To estimate economic impact, the NOAA storm database records property damage (PROPDMG) and crop damage (CROPDMG) along with exponent fields (PROPDMGEXP, CROPDMGEXP) that indicate the multiplier (e.g., K = thousands, M = millions, B = billions). We convert these fields into numeric dollar amounts and then aggregate total damage by event type.
# Helper: convert exponent codes to numeric multipliers
exp_to_mult <- function(exp) {
exp <- toupper(exp)
dplyr::case_when(
exp == "H" ~ 1e2,
exp == "K" ~ 1e3,
exp == "M" ~ 1e6,
exp == "B" ~ 1e9,
exp %in% as.character(0:9) ~ 10^(as.numeric(exp)),
TRUE ~ 1
)
}
# Keep only relevant columns
econ <- storm %>%
select(EVTYPE, PROPDMG, PROPDMGEXP, CROPDMG, CROPDMGEXP)
# Convert exponents -> multipliers, compute dollar damages
econ <- econ %>%
mutate(
prop_mult = exp_to_mult(PROPDMGEXP),
crop_mult = exp_to_mult(CROPDMGEXP),
prop_dmg = PROPDMG * prop_mult,
crop_dmg = CROPDMG * crop_mult,
total_dmg = prop_dmg + crop_dmg
)
# Aggregate by event type
econ_summary <- econ %>%
group_by(EVTYPE) %>%
summarise(
property_damage = sum(prop_dmg, na.rm = TRUE),
crop_damage = sum(crop_dmg, na.rm = TRUE),
total_damage = sum(total_dmg, na.rm = TRUE),
.groups = "drop"
) %>%
arrange(desc(total_damage))
# Top 10 by total economic damage
top_econ <- head(econ_summary, 10)
top_econ
## # A tibble: 10 × 4
## EVTYPE property_damage crop_damage total_damage
## <chr> <dbl> <dbl> <dbl>
## 1 FLOOD 144657709807 5661968450 150319678257
## 2 HURRICANE/TYPHOON 69305840000 2607872800 71913712800
## 3 TORNADO 56947380676. 414953270 57362333946.
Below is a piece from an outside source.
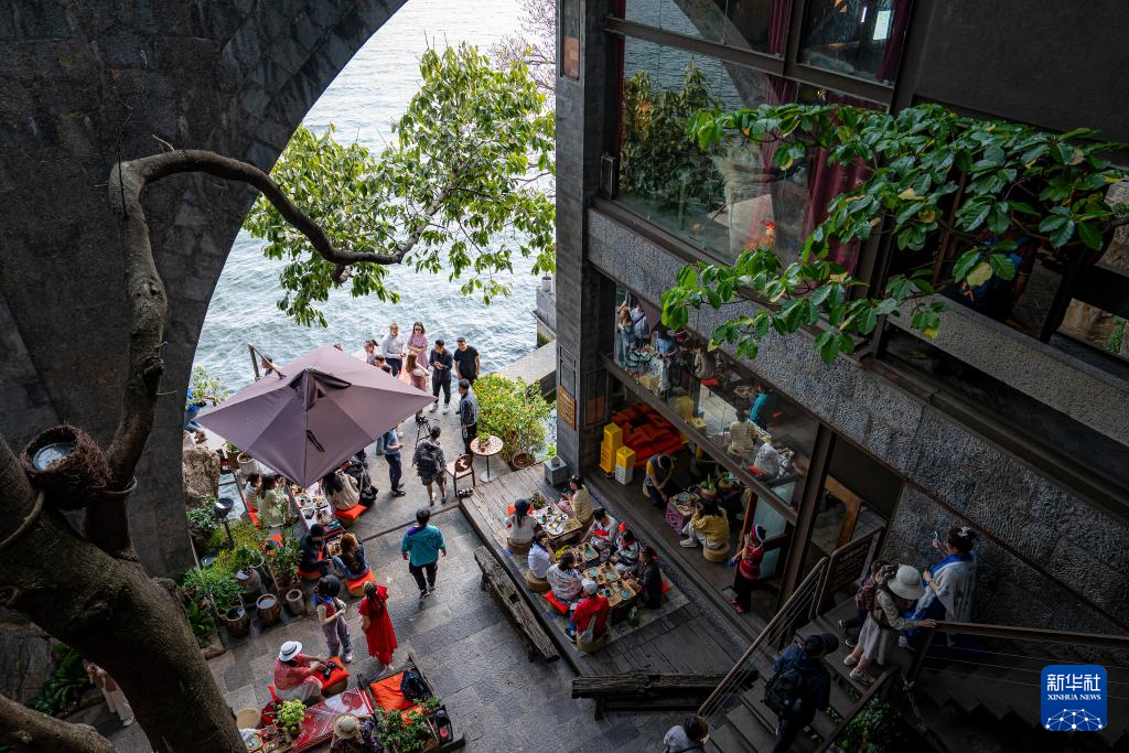 游客在大理市双廊古镇休闲游玩(4月15日摄)。

## 4 STORM SURGE 43323536000 5000 43323541000
## 5 HAIL 15735267513. 3025954473 18761221986.
## 6 FLASH FLOOD 16822673978. 1421317100 18243991078.
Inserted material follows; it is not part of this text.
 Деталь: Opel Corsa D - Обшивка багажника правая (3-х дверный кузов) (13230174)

## 7 DROUGHT 1046106000 13972566000 15018672000
## 8 HURRICANE 11868319010 2741910000 14610229010
## 9 RIVER FLOOD 5118945500 5029459000 10148404500
## 10 ICE STORM 3944927860 5022113500 8967041360
The economic-impact results indicate that a small set of event types account for the majority of combined property and crop losses. The ranking highlights which hazards create the greatest financial burden nationally and can help prioritize mitigation and preparedness investments.
library(ggplot2)
ggplot(top_econ, aes(x = reorder(EVTYPE, total_damage), y = total_damage)) +
geom_col(fill = "steelblue") +
coord_flip() +
labs(
x = "Event type",
y = "Total economic damage (USD)"
)
Figure 2. Top 10 storm event types by total economic damage in the United States (1950–2011).